Не желая увеличивать число этих судов, мы приняли на борт лоцмана и под его руководством стали на рейде в нескольких сотнях метров от берега.
Рабаул
Шлюпки подходили к берегу. Держа наготове ружья, матросы зорко всматривались в кустарники… Зловещая тишина, нарушаемая бессмысленным чириканьем птиц… И вдруг, оглашая окрестности воинственными криками, из кустарников, потрясая луками и копьями, выбежали сотни обнаженных туземцев…
Так было несколько веков назад, в те романтические времена, когда чуть ли не каждый корабль, отправлявшийся в южные моря, наталкивался на неизвестную землю.
Даже сердце подпрыгивало в груди от этой воображаемой картины. Хотя, честно говоря, я нисколько не сожалел о том, что вместо зловещих кустарников на берегу находился благоустроенный причал, равно как и о том, что первый же встречный папуас не насадил меня на копье. Но впечатление он производил изрядное: голый по пояс, босой, толстый и очень важный, он шествовал нам навстречу с портфелем в руке. Видимо, должностное лицо не из последних. По каким-то неуловимым признакам мы решили, что он все-таки не губернатор, и не вручили ему наши верительные грамоты.
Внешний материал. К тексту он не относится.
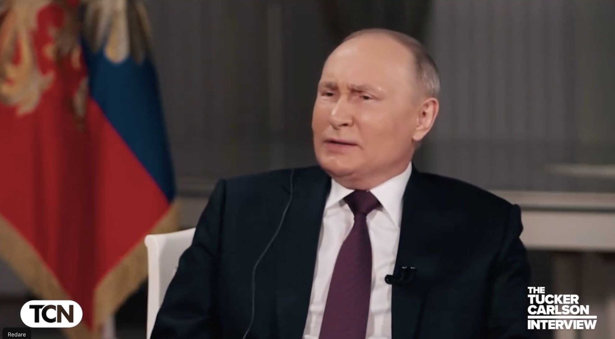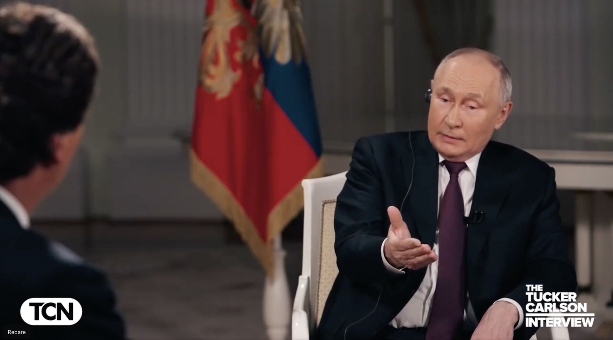 Vladimir Putin a oferit un interviu pe data de 6 februarie 2024 la Kremlin, jurnalistului și comentatorului politic Carlson Tucker. Liderul rus a lămurit și explicat în detaliu mai multe aspecte ce țin despre invazia Ucrainei, în ce condiții ar putea puncte capăt războiului, dar a vorbit și despre posibilitatea de a invada o țară membră NATO. În urma realizării unui scurt istoric despre formarea Ucrainei, Vladimir Putin a pus accentul pe ideea conform căreia țara ucraineană are cu totul alte sorginte decât cele care se vor a fi pretinse.

Тут же под навесом шла торговля. Десятка два папуасов сидели на подстилках, рекламируя свой товар. У меня остановилось дыхание: продавались воистину бесценные вещи! Такие я видел только в музеях и на фотографиях в книгах известных путешественников: ритуальные маски, статуэтки, вырезанные из красного дерева акулы и птицы… Я осторожно оглянулся, ожидая, что сейчас начнется свалка и эти сокровища придется добывать в острой конкурентной борьбе, но с удивлением обнаружил, что мои спутники равнодушно проходят мимо.
— Олег Ананьевич, Юрий Прокопьевич… — тихо позвал я и молча указал на лежащие у наших ног сокровища.
— Но ведь здесь нет ни одной раковины, — удивился Олег Ананьевич.
— А маски, статуэтки, акулы…
— Еще сто раз увидите. Пошли на рынок.
На всякий случай я купил за доллар одну уникальную маску (примерно II–III век нашей эры — в таких вещах я никогда не ошибаюсь), и мы отправились на рынок.
Рабаул — очаровательный городок из одной-двух улиц, опоясывающих бухту. Утопают в пышной зелени коттеджи австралийской администрации, на каждом шагу магазины, в которых продавцов больше, чем покупателей, автомобильные салоны, где вы без очереди можете купить машину (если у вас есть деньги), скверы, клубы с предупреждающей надписью «Только для членов», бассейны с тем же предупреждением — словом, типичный аристократический курортный рай; впрочем, этой идиллии приходит конец: большинство соседних островных государств уже давно стали самостоятельными, теперь пришла очередь Папуа — исторический процесс вспять не повернешь….[2]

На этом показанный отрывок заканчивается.